When you reach the line that contains "Tlalpujahua, Michoacán, 24", begin copying exactly and continue through the last line below. Do not copy pictures.

*Recorded data*
....................

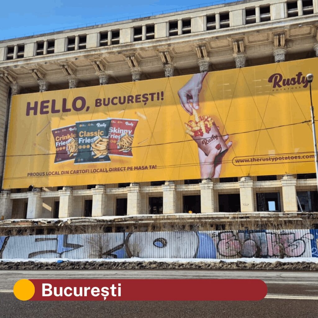 When the Rusty brand launched in 2024, our giant outdoor displays appeared in more than 30 locations across Romania in the first half of the following year, including major cities such as Bucharest, Cluj-Napoca, Oradea, Timișoara and Brașov.
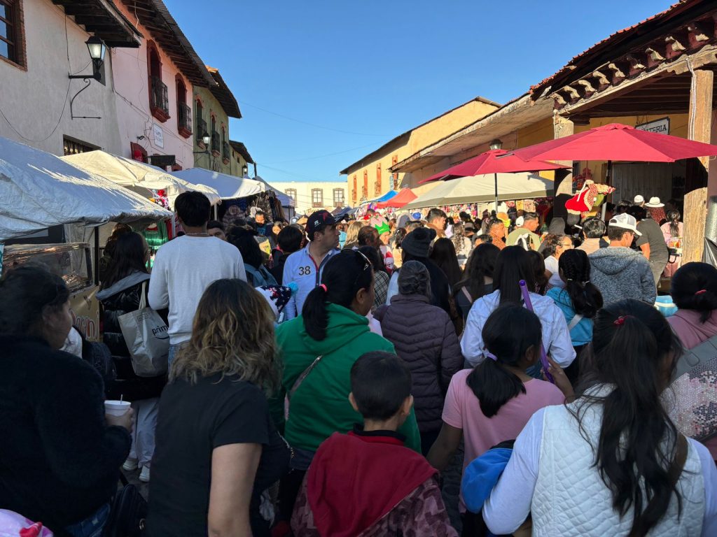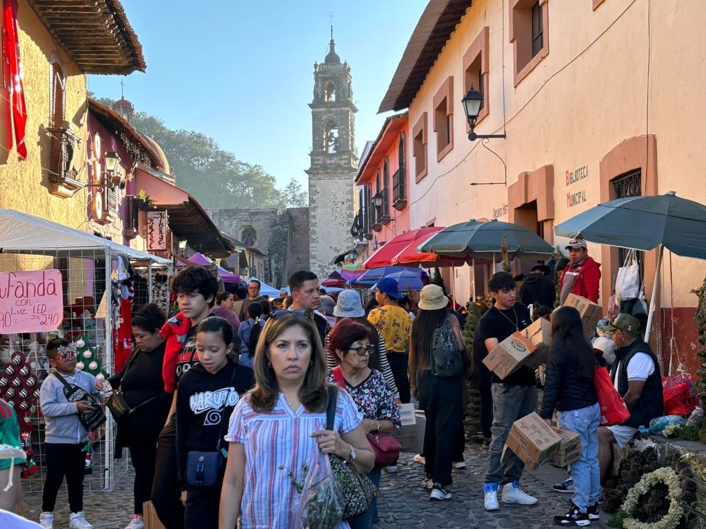 Tlalpujahua, Michoacán, 24 de noviembre de 2024.- El Pueblo Mágico de Tlalpujahua sigue recibiendo a turistas y visitantes de distintas partes del país, como Ciudad de México, Querétaro, Jalisco, Monterrey y Estado de México, entre otros, quienes arriban para adquirir las tradicionales piezas de vidrio soplado que ofertan las y los artesanos, en el marco de la Feria de la Esfera 2024.
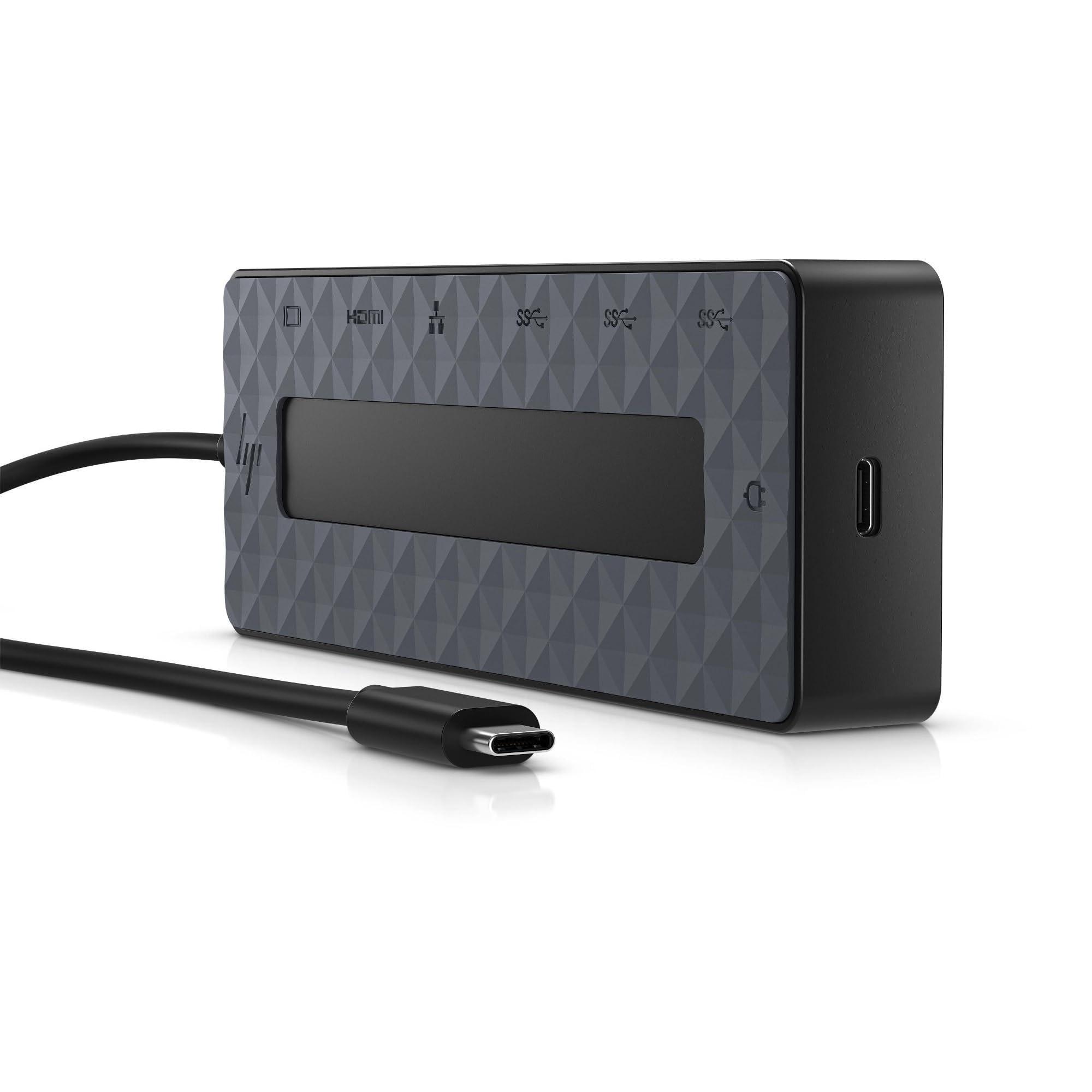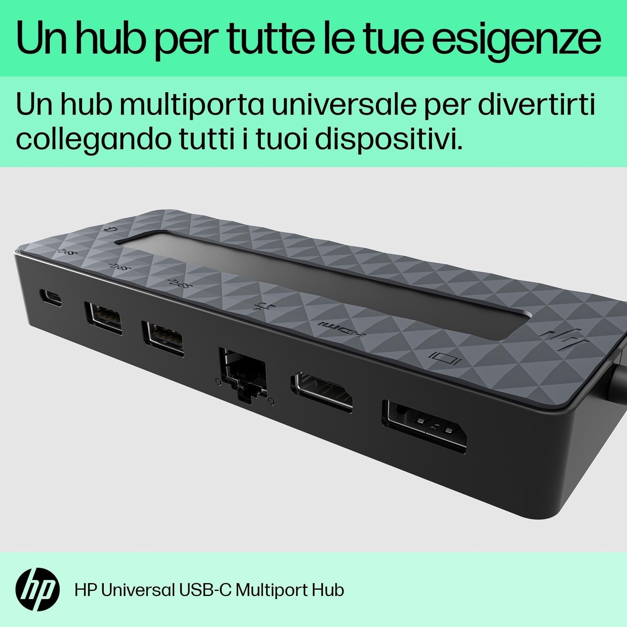 HP Hub Multi porta USB-C Universale, Compatibile con PC dotati di Porta USB-C, Power Delivery e DisplayPort, Nero

....................

*Result for this exercise*
 Tlalpujahua, Michoacán, 24 de noviembre de 2024.- El Pueblo Mágico de Tlalpujahua sigue recibiendo a turistas y visitantes de distintas partes del país, como Ciudad de México, Querétaro, Jalisco, Monterrey y Estado de México, entre otros, quienes arriban para adquirir las tradicionales piezas de vidrio soplado que ofertan las y los artesanos, en el marco de la Feria de la Esfera 2024.
 HP Hub Multi porta USB-C Universale, Compatibile con PC dotati di Porta USB-C, Power Delivery e DisplayPort, Nero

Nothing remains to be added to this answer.